Futebol: Pedro Neto termina mandato com ganhos e alguns enguiços
23-06-2012 | Fonte: SA
Eleito a 16 de Junho de 2011, num muito mediático, animado e renhido escrutínio extraordinário, que poria fim ao consulado de Justino Fernandes, que lá estava desde o ano deque 2000, Pedro Neto completa neste sábado (16), um ano de mandato, numa altura
em que praticamente tem a luz verde de todas as associações provinciais para ficar até 2016.

Pedro Neto e seus pares haviam levado a melhor sobre o concorrente Artur Almeida, por 58 votos a favor, contra 27 arrebatados por esse empresário e homem do futebol. E, na altura, o então novo presidente da FAF prometeu desenvolver acções a curto prazo, isto é num ano, para voltar a merecer nova aposta dos seus apoiantes, caso houvesse as eleições normais, como eram de esperar.

No entanto, o presidente da Mesa da Assembleia-Geral, António França, não as convocou, em contravenção aos estatutos, uma vez que tinha de o fazer em Março.

O que é realidade é que Pedro Neto já recebeu voto de confiança da maioria das associações provinciais, algo que o deixa tranquilo em relação à continuidade, restando saber quando é que se «vai
repor a legalidade».

Um ano depois, olhando-se hoje para a «obra» do presidente da FAF nesse curto período de um ano – justamente num dia em que ele comemora mais um aniversário natalício – há a conferir que apenas um dirigente teve a coragem de abertamente dizer que está
arrependido em apostar na candidatura e vitória do actual número
um do organismo reitor do futebol angolano.

Trata-se de Bento Cangamba, presidente e patrão do Kabuscorp do Palanca. Fê-lo numa altura em que desconfiava que a FAF, já com Pedro Neto a liderar, estava a fazer vista grossa a desconfiadas actuações de alguns árbitros em suposto prejuízo da sua equipa.

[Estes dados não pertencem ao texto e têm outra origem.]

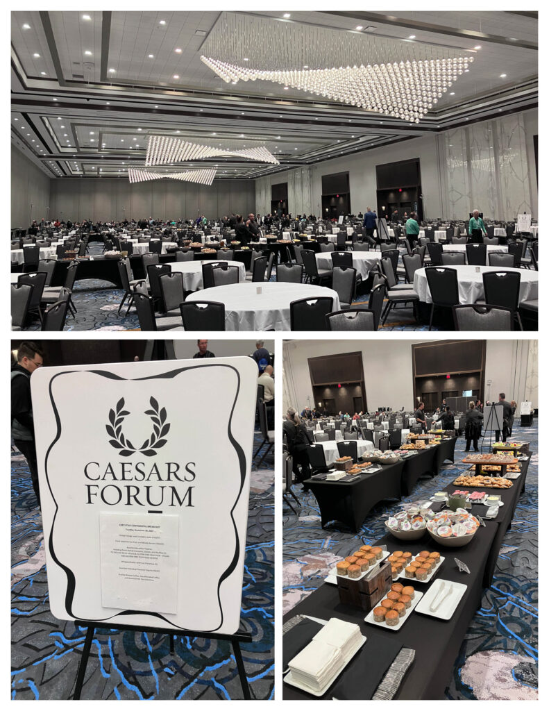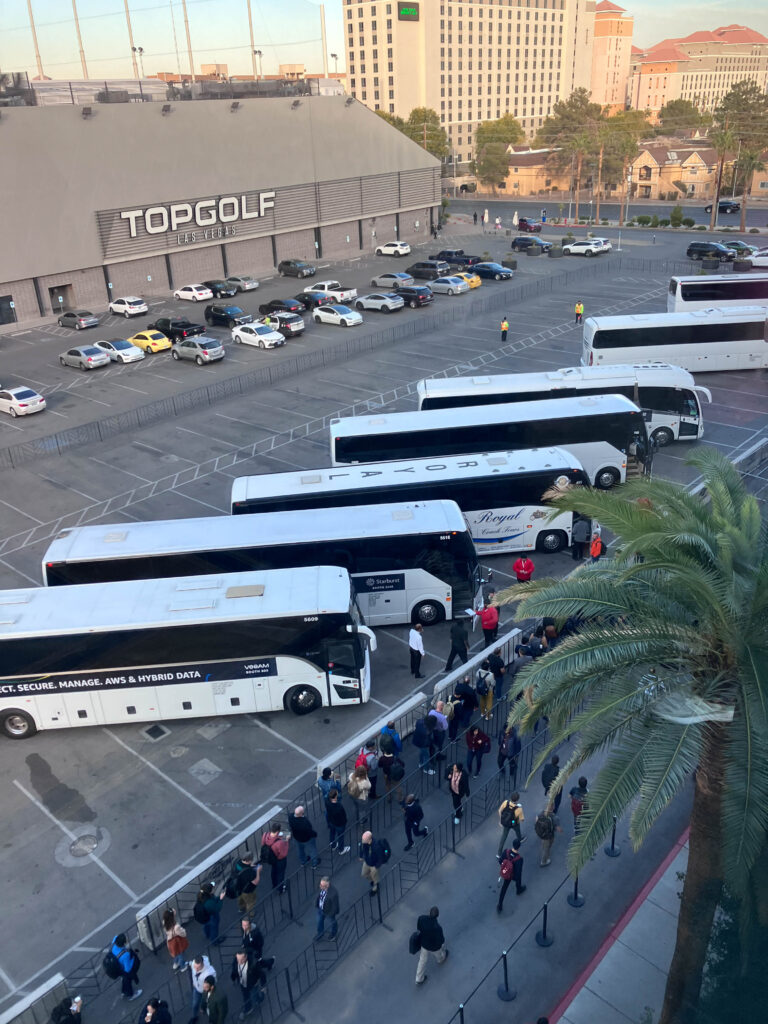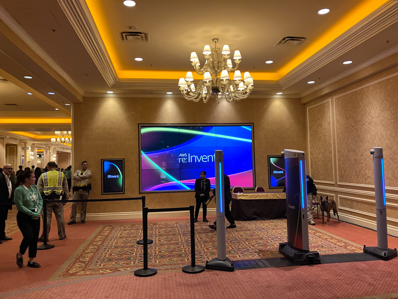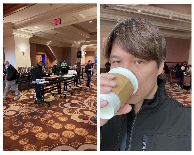 第一天早上沒提供早餐,所以8點左右才出門,昨天有先探路,所以知道我住的飯店經由Caesars Forum(CF)可以過去The Venetian。進去前要安檢,並檢查包包,但之後在不同會場透過巴士移動,就不用再過安檢。

Fora disso, algumas iniciativas da equipa de Pedro Neto têm merecido aplausos quase gerais, sendo a última delas a decisão de intimar um total de 23 clubes que actuam em várias competições sob a sua égide, para pagarem as dívidas contraídas com dirigentes
e atletas, bem como as resultantes de multas aplicadas pela FAF aos
clubes, por diversas infracções durante o ano passado.

Confrontada com o «fecho da torneira» do Estado, a FAF, com Pedro Neto à testa, decidiu «atacar» antigos patrocinadores da federação para que voltassem a apoiar a instituição, tais como a
Unitel, empresa de telecomunicações, a Unicer, proprietária da cerveja Cristal e da água Caramulo, a Puma, a Sonangol e outras.

Estes contactos estenderam-se a Portugal, onde Pedro Neto pretendeu retomar também alguns patrocínios, visando a melhoria das condições da selecção nacional, além de ter ido recolher experiência no capítulo da regulamentação e legislação para o futebol.

Graças a essa experiência, a Federação Angolana de Futebol conseguiu fazer com que os clubes normalizassem os métodos de transferência e inscrição de jogadores, em particular dos estrangeiros.

Nessa ofensiva além fronteiras, Pedro Neto foi ainda à FIFA, em Zurique (Suíça), onde participou na reunião do Comité de Estádios
e Segurança, aproveitando estabelecer contactos com homólogos de
outros países.

Em África, Pedro Neto, à margem do CAN realizado em Fevereiro deste ano, convidou o presidente da FIFA, Joseph Blatter, a visitar Angola, para tentar fazer com que o país continue e estar na lista do «Projecto Gol», que permite a construção de campos sintéticos,
instalação de um sistema informatizado de inscrição e transferência de jogadores e a possível integração de membros da FAF em comissões do organismo que superintende o
futebol mundial.

A grande barraca com que a FAF moldada a Pedro Neto chega
neste sábado com um ano de mandato prende-se com a dívida dos jogadores que estiveram presentes na final do CHAN em 2011 (ver caixa à parte).